Me contou que foi fazer a peça porque Hijikata pediu permissão a seu pai para que ele fosse dançar, mas ele não entendia nada daquela dança estranha onde o coreógrafo lhe pedia para manter o corpo rijo enquanto ele havia aprendido que era preciso ser leve e flexível. Me disse com certo orgulho que na juventude era bonito e atlético e, por isso, foi convidado para aquele papel. Conversamos por muito tempo sobre as memórias dele daquele período, e às vezes seus olhos pareciam entrar dentro do corpo procurando as imagens, vasculhando as sensações que se precipitavam para fora pela voz e pelos gestos tentando me explicar o que havia sido Kinjiki. Ao final, perguntei se ele lembrava de Hijikata falando ao seu ouvido “je t’aime, je t’aime, je t’aime” durante a peça, e pedi que ele gravasse para mim essa memória. Ele levantou da mesa cerimonioso, fechou os olhos e pronunciou aquele “eu te amo” algumas vezes para o gravador de áudio do telefone. Me falou em seguida da importância de se dizer “eu te amo” e de como era necessário que se respeitasse e preservasse toda e qualquer forma de amor existente. Um ano depois decidi começar o meu espetáculo “Dança Doente” (2017), criado a partir dessa pesquisa, com a voz de Yoshito Ohno bradando “je t’aime, je t’aime, je t’aime”, pensando nas palavras dele sobre a importância do amor em tempos de tanta intolerância. 

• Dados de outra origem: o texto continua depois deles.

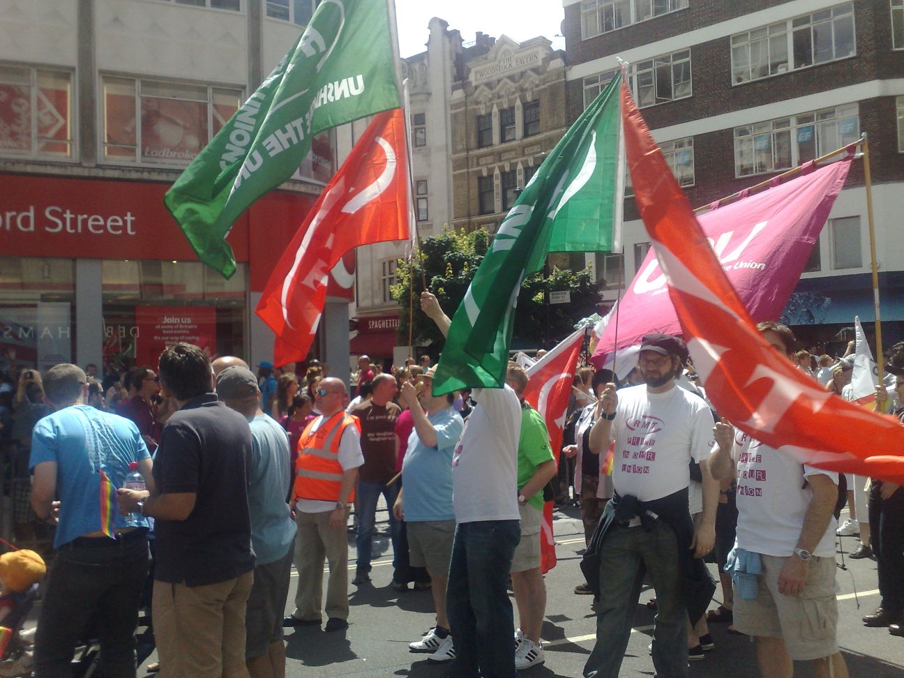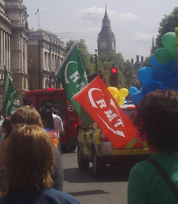 RMT activists joined the London Pride parade to show their solidarity with the unions LGBT members and to promote the unions pride in its own diversity.
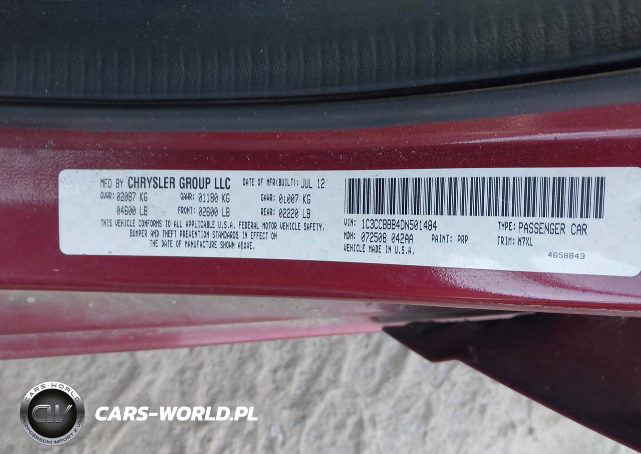 IAAI Nr: I-44814792 VIN: 1C3CCBBB4DN501484 Port: Savannah, GA
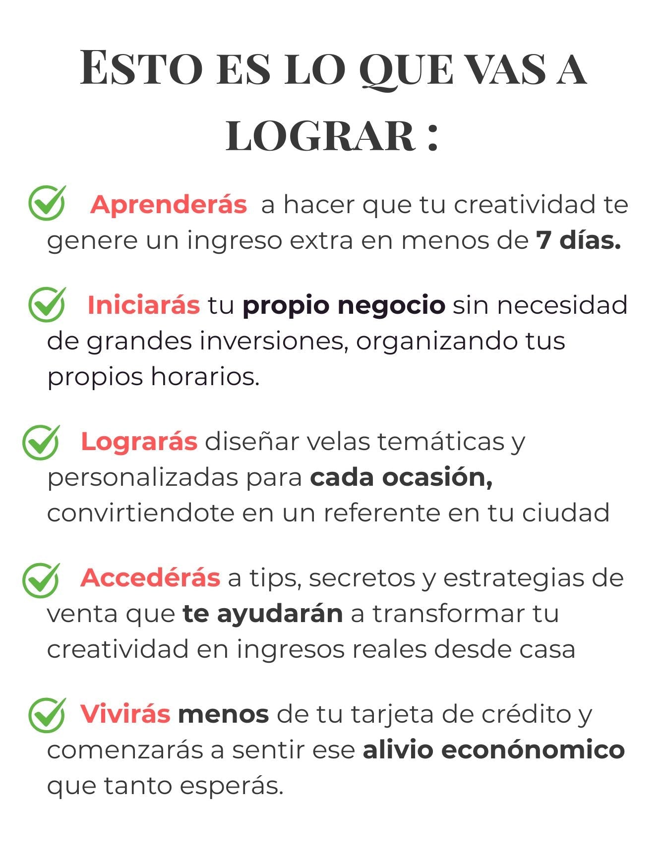 Este libro no es solo teoría: está diseñado para que siguiendo los pasos tal cual, en menos de una semana puedas crear tu primera vela artesanal de manera simple y rápida.
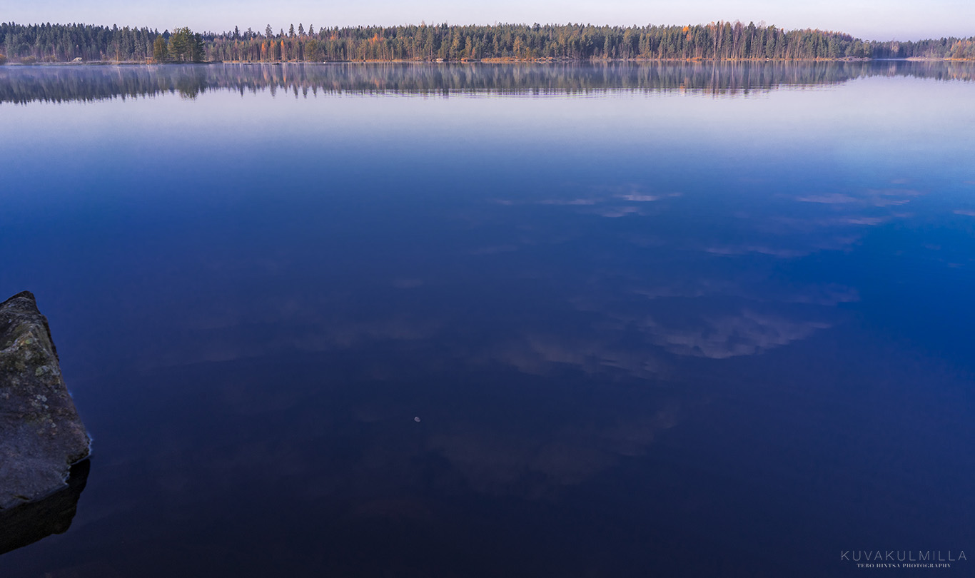 Kuu ja peilauksia syksyisen järven pinnasta

Naquela ocasião, passei a frequentar o estúdio em sua casa, onde Yoshito dava classes à noite, para um grupo de aproximadamente vinte pessoas, a maioria estrangeiros. Nessas classes Yoshito nos dava instruções simples e nos contava estórias entre um experimento e outro. Nos pedia para segurar uma flor de plástico – havia um cesto com muitas delas por ali – e manter a flor viva próxima ao nosso corpo. Nos pedia para imaginar que estávamos em um campo de arroz e tínhamos que manter o corpo abaixado na direção do arroz que brotava do chão. Queria que buscássemos a delicadeza e a integridade do nosso corpo ao caminhar pela sala, e nos dizia que cada um de nós era uma obra de arte, que nossa existência era para ser valorada como obra de arte. Falava de Hijikata e do pai Kazuo, transferia informações sobre uma dança que se fazia no corpo dele mas que vinha de longe, e ria como um menino do que fazíamos e de si mesmo, ao mostrar gestos às vezes espalhafatosos. Depois de propor alguma imagem para ser trabalhada, ia para o pequeno aparelho de som no canto da sala e tocava a Ave Maria de Gounod, uma canção de Bob Marley ou um fado português. 

Entendi com Yoshito o sentido da palavra Sensei, que significa mestre em japonês, aquele a quem se deve seguir, ou literalmente “aquele que nasceu antes”, embora ele sempre nos tenha dito que o verdadeiro sensei é o nosso próprio corpo e a dança que brota em nós todos os dias.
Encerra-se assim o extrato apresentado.